SEQUENCING ENTIRE GENOMES
Sequencing the entire genome from one organism can be accomplished in different ways. Chromosome walking allows the researcher to identify and sequence one clone and then, using those data, to find overlapping clones (Fig. 8.9). After those are identified and sequenced, more overlapping clones are identified. The process goes in order either up or down the chromosome, compiling the sequence piece by piece. Usually the first clone is located relative to a particular marker, such as an STS or RFLP. Chromosome walking is often used to characterize genes responsible for a particular disease. Analysis of DNA from people with the disease may have revealed a particular RFLP that is always present in those with the disease, but absent in unaffected people. This RFLP can be identified in a library clone. Then chromosome walking both upstream and downstream of the RFLP will, it is hoped, provide the whole gene sequence.
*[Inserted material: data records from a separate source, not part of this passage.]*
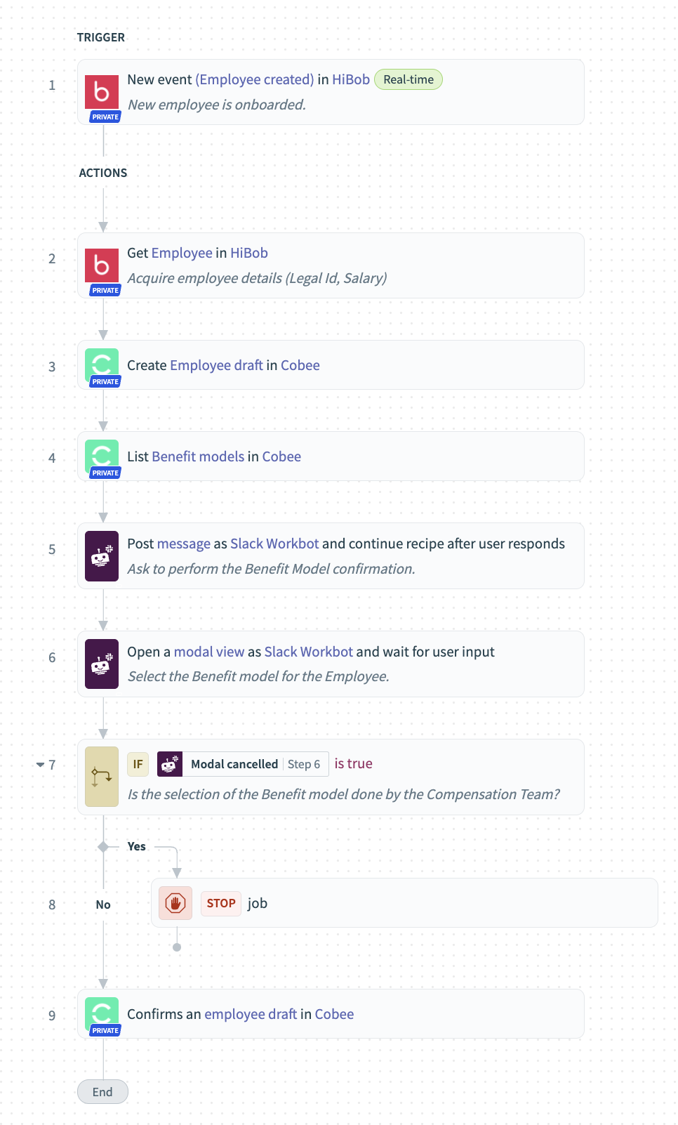 Automation here refers to the seamless orchestration of employee onboarding and benefits confirmation. When a new hire joins your organization through Hibob, this recipe instantly creates an employee draft in Cobee, capturing all the essential employee details. It then initiates a smooth process of benefit model confirmation via Slack, involving the Compensation team. This efficient automation ensures a hassle-free and informed onboarding experience.
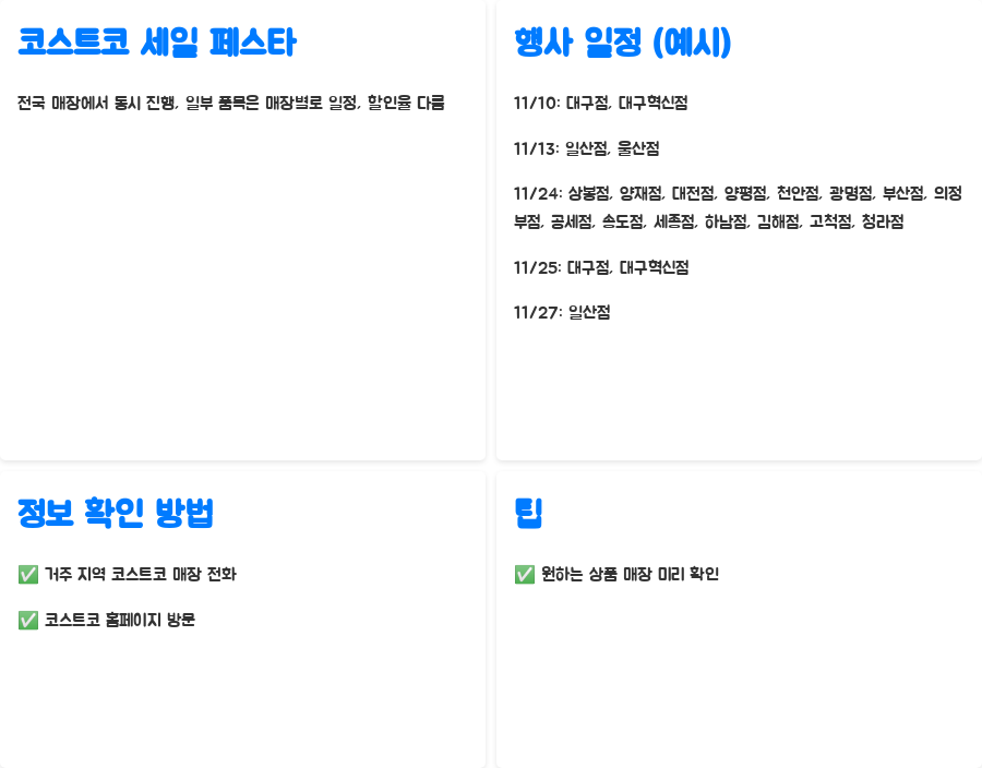 코스트코 세일 페스타는 전국 매장에서 동시에 진행되지만, 일부 품목의 경우 매장별로 행사 기간이나 할인율이 다를 수 있습니다.
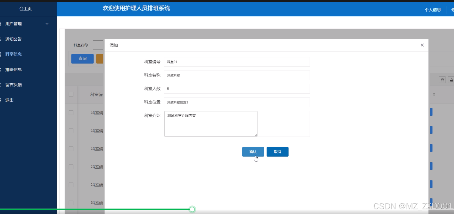 科室信息,管理员可以管理系统中的科室信息,包括添加新科室、编辑科室信息、删除科室等操作。如下图所示。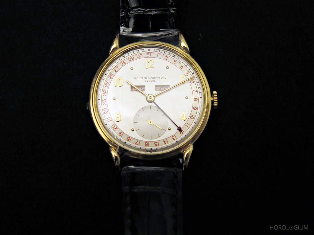 The third watch is a 1945 Ref. 4240 Complete Calendar in 18k yellow gold and perhaps the one that is most familiar to people as being the inspiration for the Historiques Triple calendrier 1942. It has a two tone silvered dial with yellow gold Arabic numerals at 2,4, 8, 10 and 12 o’clock, and six cabochon markers in yellow gold between them. The day and month indications are in English, and the date ring with red Arabic numerals is accompanied by a date hand is blued steel with a red lacquered arrow tip. Next to this is a rail road track for the minutes. There is also a small seconds at 6 o’clock.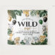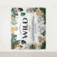 El diseño presenta vegetación de palmeras de jungla y hojas de plátano decoradas con globos de oro, negro y verde impresos. Los diseños de los globos también incluyen confetti falso de color oro. La plantilla también incluye jirafa de bebé, rinocerontes, elefantes, leones, cebra, hipopótamo y acuarelas perezosas para un tema de safari. Uno salvaje está impreso en fuentes modernas y modernas.

Although chromosome walking is a powerful tool to identify genes, its use for sequencing an entire genome is too arduous. Instead, shotgun sequencing is used to assemble sequence data from an entire genome (Fig. 8.10). Here genomic libraries are constructed and random clones are sequenced. A computer compiles the sequence information, identifying the overlapping regions between clones, and ordering the clones into a complete sequence. This procedure is repeated to eliminate as many gaps as possible. This method was used to sequence Haemophilus influenzae, the first cellular genome to be sequenced. This genome has 1.8 Mb and took less than 3 months to complete using shotgun sequencing.